Let’s visualize how these two modes work within our data processing pipeline using a general workflow for loading a fact table. If you would like to learn more about how the workflows are orchestrated in Netflix Maestro scheduler, please check out this blog post from our data platform team.

With this illustration as our guide, let’s explore each mode in more detail.

The Psyberg Initialization Phase

This step invokes Psyberg with the required parameters. Based on these parameters, Psyberg then computes the correct data range for the pipeline processing needs.

Input parameters in this step include the following:

Initialization for Stateless Data Processing

Let’s use the signup fact table as an example here. This table’s workflow runs hourly, with the main input source being an Iceberg table storing all raw signup events partitioned by landing date, hour, and batch id.

Here’s a YAML snippet outlining the configuration for this during the Psyberg initialization step:

- job:
id: psyberg_session_init
type: Spark
spark:
app_args:
- --process_name=signup_fact_load
- --src_tables=raw_signups
- --psyberg_session_id=20230914061001
- --psyberg_hwm_table=high_water_mark_table
- --psyberg_session_table=psyberg_session_metadata
- --etl_pattern_id=1

Behind the scenes, Psyberg identifies that this pipeline is configured for a stateless pattern since etl_pattern_id=1.

Psyberg also uses the provided inputs to detect the Iceberg snapshots that persisted after the latest high watermark available in the watermark table. Using the summary column in snapshot metadata [see the Iceberg Metadata section in post 1 for more details], we parse out the partition information for each Iceberg snapshot of the source table.

Psyberg then retains these processing URIs (an array of JSON strings containing combinations of landing date, hour, and batch IDs) as determined by the snapshot changes. This information and other calculated metadata are stored in the psyberg_session_f table. This stored data is then available for the subsequent LOAD.FACT_TABLE job in the workflow to utilize and for analysis and debugging purposes.

Initialization for Stateful Data Processing

Stateful Data Processing is used when the output depends on a sequence of events across one or more input streams.

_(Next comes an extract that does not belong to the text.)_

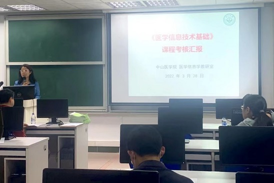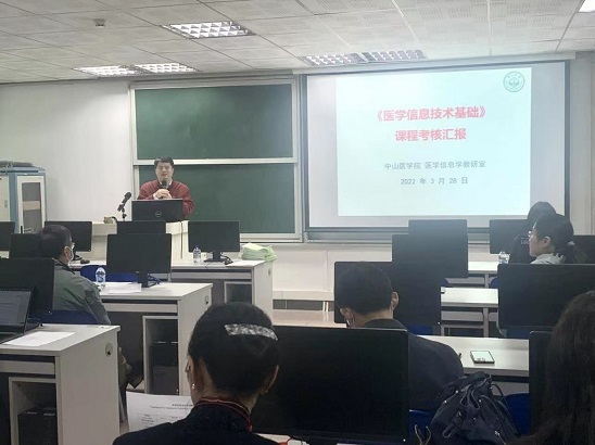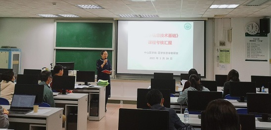 课程负责人周毅教授汇报了《医学信息技术基础》课程的基本情况,包括教学团队、课程简介与教学大纲、课程结构与教学安排、教学工作组织、课程教学总结、教育教学改革工作、课程考核工作评价七个方面。

Let’s consider the example of creating a cancel fact table, which takes the following as input:

  1. Raw cancellation events indicating when the customer account was canceled
  2. A fact table that stores incoming customer requests to cancel their subscription at the end of the billing period

These inputs help derive additional stateful analytical attributes like the type of churn i.e. voluntary or involuntary, etc.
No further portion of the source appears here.